Van Hook Matthew J, Parmelee Caitlyn M, Chen Minghui, Cork Karlene M, Curto Carina, Thoreson Wallace B
Department of Ophthalmology and Visual Sciences and Department of Pharmacology and Experimental Neuroscience, University of Nebraska Medical Center, Omaha, NE 68198
Department of Mathematics, University of Nebraska-Lincoln, Lincoln, NE 68588.
J Gen Physiol. 2014 Nov;144(5):357-78. doi: 10.1085/jgp.201411229. Epub 2014 Oct 13.
At the first synapse in the vertebrate visual pathway, light-evoked changes in photoreceptor membrane potential alter the rate of glutamate release onto second-order retinal neurons. This process depends on the synaptic ribbon, a specialized structure found at various sensory synapses, to provide a supply of primed vesicles for release. Calcium (Ca(2+)) accelerates the replenishment of vesicles at cone ribbon synapses, but the mechanisms underlying this acceleration and its functional implications for vision are unknown. We studied vesicle replenishment using paired whole-cell recordings of cones and postsynaptic neurons in tiger salamander retinas and found that it involves two kinetic mechanisms, the faster of which was diminished by calmodulin (CaM) inhibitors. We developed an analytical model that can be applied to both conventional and ribbon synapses and showed that vesicle resupply is limited by a simple time constant, τ = 1/(Dρδs), where D is the vesicle diffusion coefficient, δ is the vesicle diameter, ρ is the vesicle density, and s is the probability of vesicle attachment. The combination of electrophysiological measurements, modeling, and total internal reflection fluorescence microscopy of single synaptic vesicles suggested that CaM speeds replenishment by enhancing vesicle attachment to the ribbon. Using electroretinogram and whole-cell recordings of light responses, we found that enhanced replenishment improves the ability of cone synapses to signal darkness after brief flashes of light and enhances the amplitude of responses to higher-frequency stimuli. By accelerating the resupply of vesicles to the ribbon, CaM extends the temporal range of synaptic transmission, allowing cones to transmit higher-frequency visual information to downstream neurons. Thus, the ability of the visual system to encode time-varying stimuli is shaped by the dynamics of vesicle replenishment at photoreceptor synaptic ribbons.

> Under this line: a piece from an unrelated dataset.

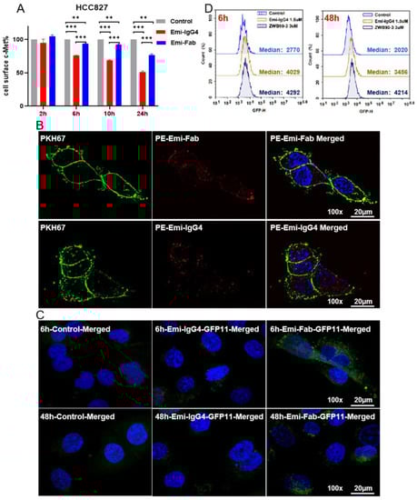 For the detection of cell surface c-MET, cells were plated in duplicates into 6-well plates and treated with either Emi-IgG4 or Emi-Fab. Cells were subsequently harvested using enzyme-free dissociation solution (Gibco, Life Technologies, Carlsbad, CA, USA) at different time points and labeled with FITC-anti-c-MET antibody (Thermo Fisher Scientific, MA, USA), which recognized a separate MET epitope from Emi-IgG4, at 4°C for 30 min, and the cells expressing membrane c-MET were quantified using flow cytometry (Agilent Technologies, Santa Clara, CA, USA). For detecting the GFP expression in HCC827-GFP1-10 cells, cells were cultured overnight and incubated with either Emi-Fab-GFP11 (3 µM) or Emi-IgG4-GFP11 (1.5 µM) for 6 h or 44 h, respectively. Cells were then harvested and analyzed using a flow cytometer to determine the GFP-expressing cell count.

在脊椎动物视觉通路的第一个突触处,光诱发的光感受器膜电位变化会改变谷氨酸释放到二级视网膜神经元上的速率。这一过程依赖于突触带,一种在各种感觉突触中发现的特殊结构,以提供用于释放的预充囊泡供应。钙(Ca(2+))加速了视锥细胞带突触处囊泡的补充,但这种加速的机制及其对视觉的功能影响尚不清楚。我们使用虎螈视网膜中视锥细胞和突触后神经元的配对全细胞记录来研究囊泡补充,发现它涉及两种动力学机制,其中较快的一种被钙调蛋白(CaM)抑制剂减弱。我们开发了一个可应用于传统突触和带突触的分析模型,并表明囊泡再供应受一个简单的时间常数限制,即τ = 1/(Dρδs),其中D是囊泡扩散系数,δ是囊泡直径,ρ是囊泡密度,s是囊泡附着的概率。电生理测量、建模以及单个突触囊泡的全内反射荧光显微镜观察相结合表明,CaM通过增强囊泡与突触带的附着来加速补充。使用视网膜电图和光反应的全细胞记录,我们发现增强的补充提高了视锥细胞突触在短暂闪光后信号黑暗的能力,并增强了对高频刺激的反应幅度。通过加速囊泡向突触带的再供应,CaM扩展了突触传递的时间范围,使视锥细胞能够将更高频率的视觉信息传递给下游神经元。因此,视觉系统编码随时间变化的刺激的能力是由光感受器突触带处囊泡补充的动力学塑造的。